Task item:
Make an exact copy, from the records below, of the lines from the line containing "With the wings" to the line containing "Piumino lucido BLAUER", both lines included, excluding pictures.

Source material:

____________

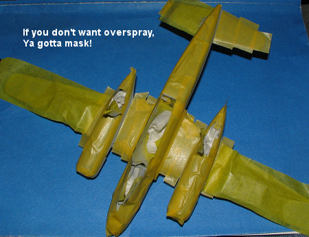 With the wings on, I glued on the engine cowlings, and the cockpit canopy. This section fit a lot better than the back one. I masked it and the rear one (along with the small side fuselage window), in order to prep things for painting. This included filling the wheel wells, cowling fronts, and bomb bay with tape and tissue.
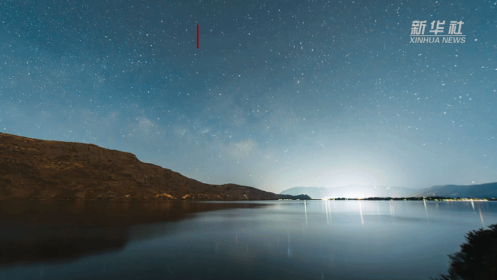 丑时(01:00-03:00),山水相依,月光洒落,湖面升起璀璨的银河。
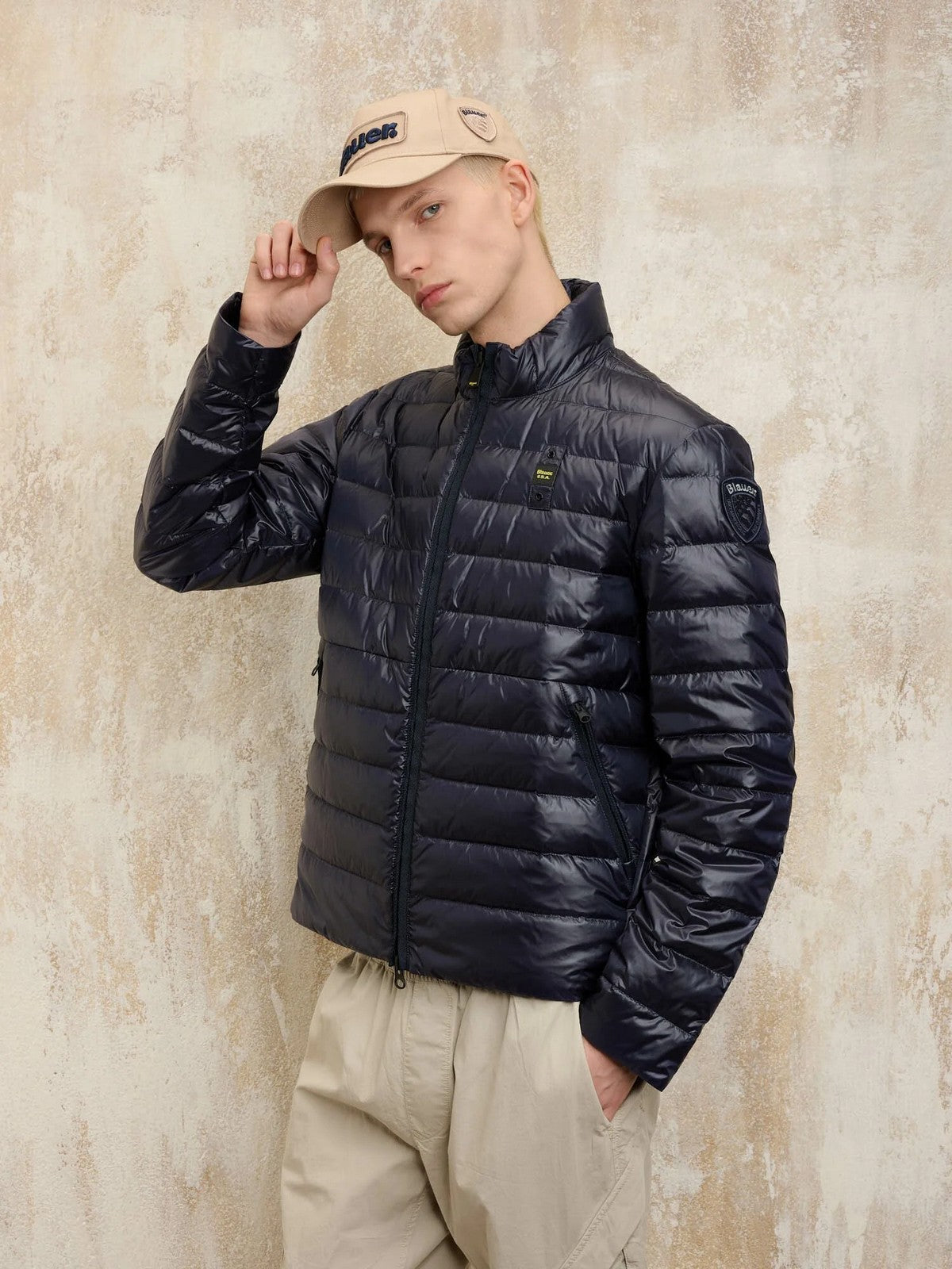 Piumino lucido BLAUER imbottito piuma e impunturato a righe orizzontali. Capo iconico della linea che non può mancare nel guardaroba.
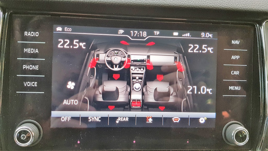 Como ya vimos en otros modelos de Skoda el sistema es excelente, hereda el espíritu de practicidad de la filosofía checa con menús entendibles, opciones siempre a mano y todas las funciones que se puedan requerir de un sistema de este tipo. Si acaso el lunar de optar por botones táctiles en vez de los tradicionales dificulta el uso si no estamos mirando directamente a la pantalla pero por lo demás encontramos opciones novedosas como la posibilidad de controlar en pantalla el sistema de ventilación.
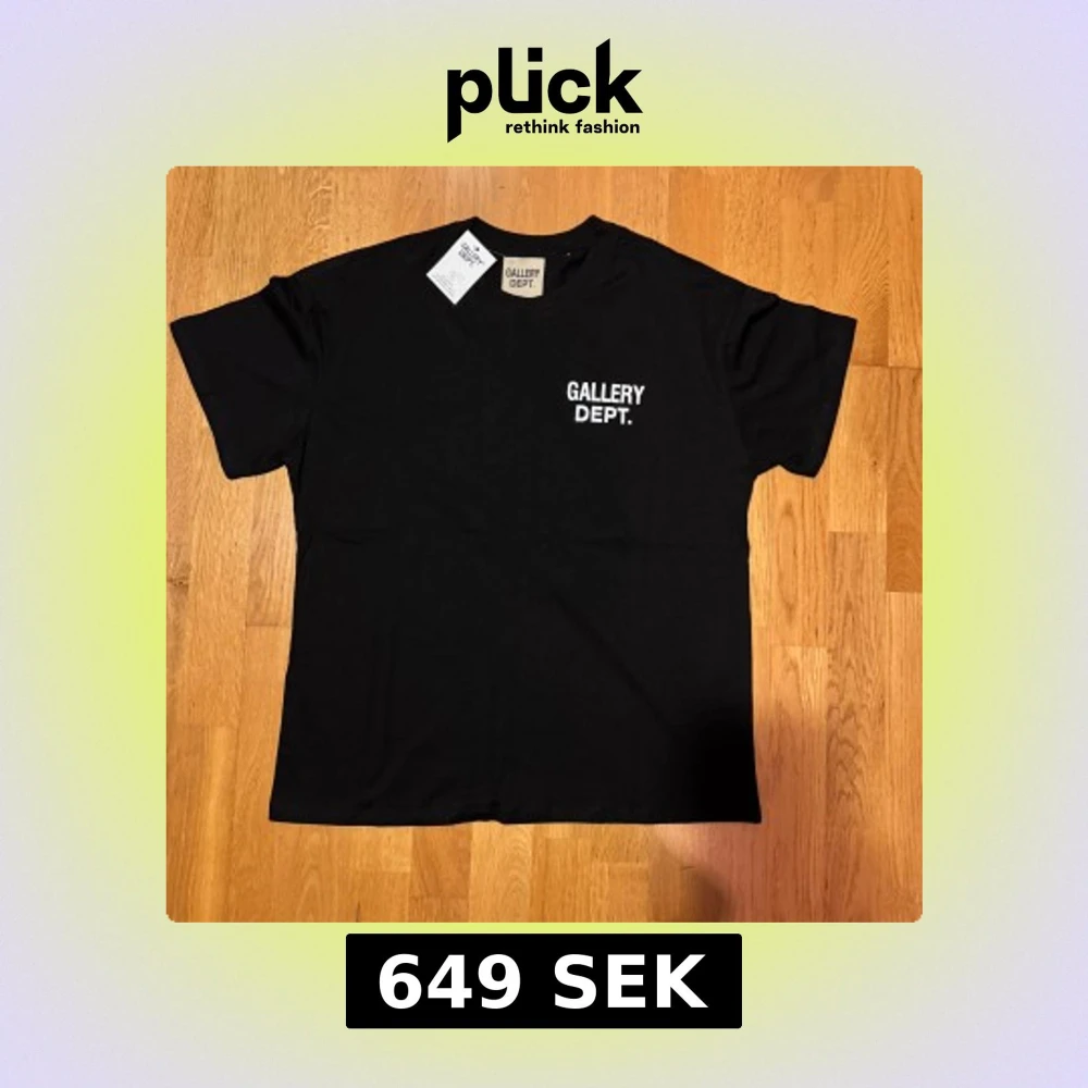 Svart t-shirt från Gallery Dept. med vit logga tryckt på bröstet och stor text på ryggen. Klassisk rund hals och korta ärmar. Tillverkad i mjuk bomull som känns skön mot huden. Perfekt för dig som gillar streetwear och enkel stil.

____________

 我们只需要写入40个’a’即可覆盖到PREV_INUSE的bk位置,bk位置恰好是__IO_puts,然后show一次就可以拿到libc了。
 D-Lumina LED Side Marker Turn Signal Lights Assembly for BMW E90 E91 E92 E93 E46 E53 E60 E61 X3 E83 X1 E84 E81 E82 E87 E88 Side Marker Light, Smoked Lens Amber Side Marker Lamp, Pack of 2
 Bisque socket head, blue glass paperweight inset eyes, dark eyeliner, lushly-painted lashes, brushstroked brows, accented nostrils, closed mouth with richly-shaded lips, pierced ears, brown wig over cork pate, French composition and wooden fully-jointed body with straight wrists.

____________

Solution to this problem:
 With the wings on, I glued on the engine cowlings, and the cockpit canopy. This section fit a lot better than the back one. I masked it and the rear one (along with the small side fuselage window), in order to prep things for painting. This included filling the wheel wells, cowling fronts, and bomb bay with tape and tissue.
 丑时(01:00-03:00),山水相依,月光洒落,湖面升起璀璨的银河。
 Piumino lucido BLAUER imbottito piuma e impunturato a righe orizzontali. Capo iconico della linea che non può mancare nel guardaroba.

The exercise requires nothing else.